4. **Noise Removal**:
   - Helps remove irrelevant or redundant features that can add noise to the model.

5. **Reduce Storage**:
   - A compact representation of data can save storage and improve efficiency.


**Curse of dimensionality** refers to the challenges faced when working with high-dimensional data. As the number of features increases, the volume of the space grows exponentially, requiring more data to maintain statistical significance. Distance metrics become less meaningful, leading to difficulties in clustering and classification. This sparsity can cause models to overfit and generalize poorly. Additionally, computational costs and the complexity of visualizing high-dimensional data increase. Mitigating the curse involves techniques like dimensionality reduction (e.g., PCA, t-SNE), feature selection, and regularization to simplify the data and improve model performance.
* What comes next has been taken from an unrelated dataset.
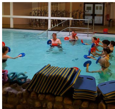
Die Übungsleiter*innen in Aktion

dem Thema der Bearbeitung von Gruppenprozessen, -rollen und -krisen. Dabei kam u.a. die Dynamik in der Entwicklung von Gruppen nach dem Tuckman Phasenmodell, das Persönlichkeitsmodell der Transaktionsanalyse nach Eric Bene und wie ein Rapport durch Anpassung des Ausdrucksverhaltens an den Anderen nach dem Prinzip Pacing und Leading aufgebaut werden kann zur Sprache.

## **1. Principal Component Analysis (PCA)**
- **What it Does**:
  - Projects data into a new coordinate system where the axes (principal components) capture the maximum variance in the data.
  - Retains only the top `k` principal components to reduce dimensions.

- **How it Works**:
  1. Compute the covariance matrix of the data.
  2. Compute the eigenvalues and eigenvectors of the covariance matrix.
  3. Sort eigenvectors by eigenvalues (largest to smallest) to rank the principal components.
  4. Project data onto the top `k` eigenvectors.

- **Advantages**:
  - Preserves global structure.
  - Linear method: fast and interpretable.

- **Limitations**:
  - Assumes linear relationships.
  - Sensitive to outliers and scaling.

In [None]:
from sklearn.decomposition import PCA

# PCA
pca = PCA(n_components=2)

X_pca = pca.fit_transform(X)

In [None]:
X.shape

In [None]:
X_pca.shape

## **2. t-Distributed Stochastic Neighbor Embedding (t-SNE)**
- **What it Does**:
  - Maps high-dimensional data into a lower-dimensional space (often 2D or 3D) while preserving the local structure of the data (i.e., clusters).

- **How it Works**:
  1. Converts distances between points in high-dimensional space into probabilities (similarity).
  2. Does the same for the lower-dimensional space.
  3. Minimizes the Kullback-Leibler (KL) divergence between the two probability distributions.

- **Advantages**:
  - Excellent for visualizing clusters and local structure.
  - Non-linear and handles complex manifolds.

- **Limitations**:
  - Computationally expensive for large datasets.
  - Cannot preserve global structure.
  - Results are non-deterministic without setting a random seed.


In [None]:
from sklearn.manifold import TSNE

# t-SNE
tsne = TSNE(n_components=2, random_state=42, perplexity=30)
X_tsne = tsne.fit_transform(X)

In [None]:
X_tsne.shape

In [None]:
# Initialize a figure
fig, axes = plt.subplots(1, 2, figsize=(12, 6))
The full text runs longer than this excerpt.